At one time or another you’ve probably heard someone proudly proclaim that, “we eat our own dog food”. Isn’t this really the epitome of the rhetorical statement? Does anyone expect to see Papa John chowing down on a Domino’s pizza or learn the CEO of McDonalds sneaks out to have a Whataburger for lunch (even though that Monterrey Melt is wickedly good)? Of course not, since we at Compass build data centers whose function is to support the flow of data via the Internet, we naturally avail ourselves of all the technology has to offer. We store all of our documents in Box, use VOIP, have our own website hosted at Softlayer (ahem, I mean Big Blue), and prefer to send emails on Office365 rather than letters so you could say that, like most of you, we regularly dine on our own metaphoric dog food. Unfortunately, as we recently found out, sometimes being a large consumer of your own Alpo can be problematic when the cupboard runs dry.
For reasons known only to God, or at least that’s what our Internet provider told us, our internet connection went down the other day. At first, it was no big deal, these things happen from time to time, but it soon became apparent that this was not your run of the mill temporary outage, but the dreaded “we’re going to have to send someone out” type of service disruption. As you might expect, the mood around the office began to turn. The general good will characterized by all the standard jokes, “Guess you won’t be able to watch any cat videos”, soon gave way to hostility, “when the heck is this going to be fixed”, before succumbing to outright despair, “how am I ever going to get this done with no internet?” It was kind of like those five stages of grief that you hear people talk about—except no one was dead. Obviously, this was way more serious.
Although no one was happy about the situation it did seem to impact each organization differently. The finance people were mildly annoyed, but they were working on a spreadsheet so connectivity to the World Wide Web wasn’t quite top of mind. Our product delivery people decided to assuage their frustration by having a conference call using their cell phones—are these guys adaptable or what? Since the phones and email were both going to be down for the remainder of the day, the sales folks just decided to pack it in. My marketing guy was apoplectic over the whole situation. Since I’m never sure about what he’s doing I couldn’t quite understand how this lack of internet access was affecting his ability to do whatever it is he does, but, based on his level of frustration, it must have been real important. As for myself, I was forced to deal with the mound of paperwork that had built up on my desk, while periodically popping in to ask my IT guy how things were going just to watch him sweat. Sometimes it’s good to be the boss. Oh yeah, and I finally figured out how to work that personal hotspot thing on my iPad – sheer genius!

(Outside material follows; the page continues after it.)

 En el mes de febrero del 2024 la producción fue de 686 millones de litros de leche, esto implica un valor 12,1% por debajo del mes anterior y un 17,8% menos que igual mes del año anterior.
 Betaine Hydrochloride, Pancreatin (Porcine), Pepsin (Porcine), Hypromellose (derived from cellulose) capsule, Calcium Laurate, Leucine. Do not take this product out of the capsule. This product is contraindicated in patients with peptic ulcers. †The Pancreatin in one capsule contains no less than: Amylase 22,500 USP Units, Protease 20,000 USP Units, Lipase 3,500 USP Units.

As the day progressed and the restoration of service became ever more elusive a general air of hopelessness hung over our office. Folks kept busy working on things that they could do locally, a spreadsheet here, a white paper there, but without Internet access were these just pointless acts of futility? Some even began to wonder aloud that if our service wasn’t restored, “what was the point of even coming in the following day?” While this behavior may seem a little overwrought to many of you, South American governments have been toppled for less, and I was quite relieved when our service was restored.

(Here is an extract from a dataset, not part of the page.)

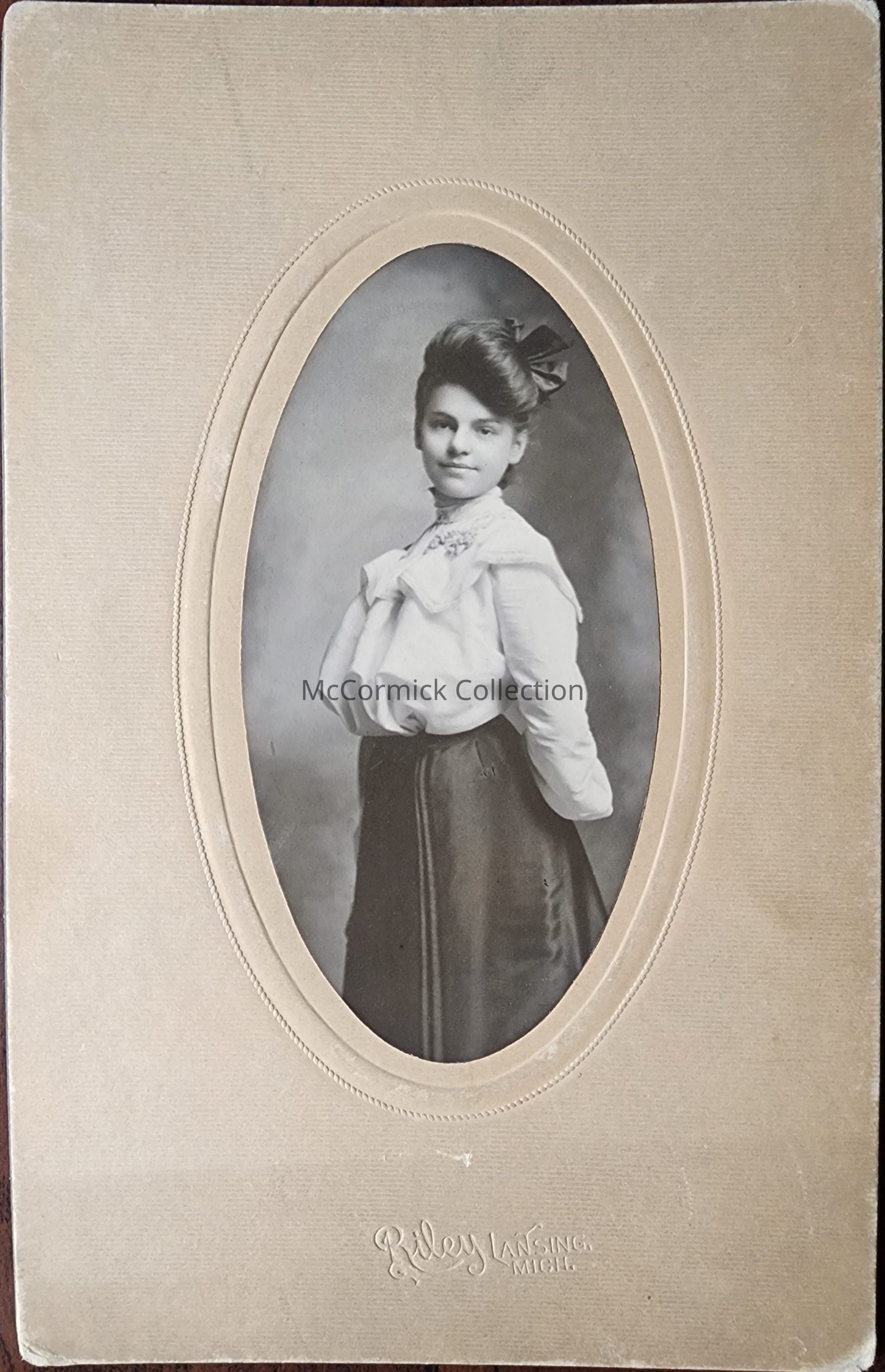 Photograph of a woman identified as Jennie Hacker (sp) by Lansing photographer Riley. From Siebert Estate.

I suppose you could say that this is just another example of how we have become slaves to technology, and you’d be right. I don’t think this means we should regularly conduct “back to the past” drills to prepare ourselves for some major service interrupting event, but it does indicate that we need to become a little more adaptable in how we perform our work related activities. In other words, while eating your own dog food is always the best policy, maybe Papa John does order from Domino’s every once in a while.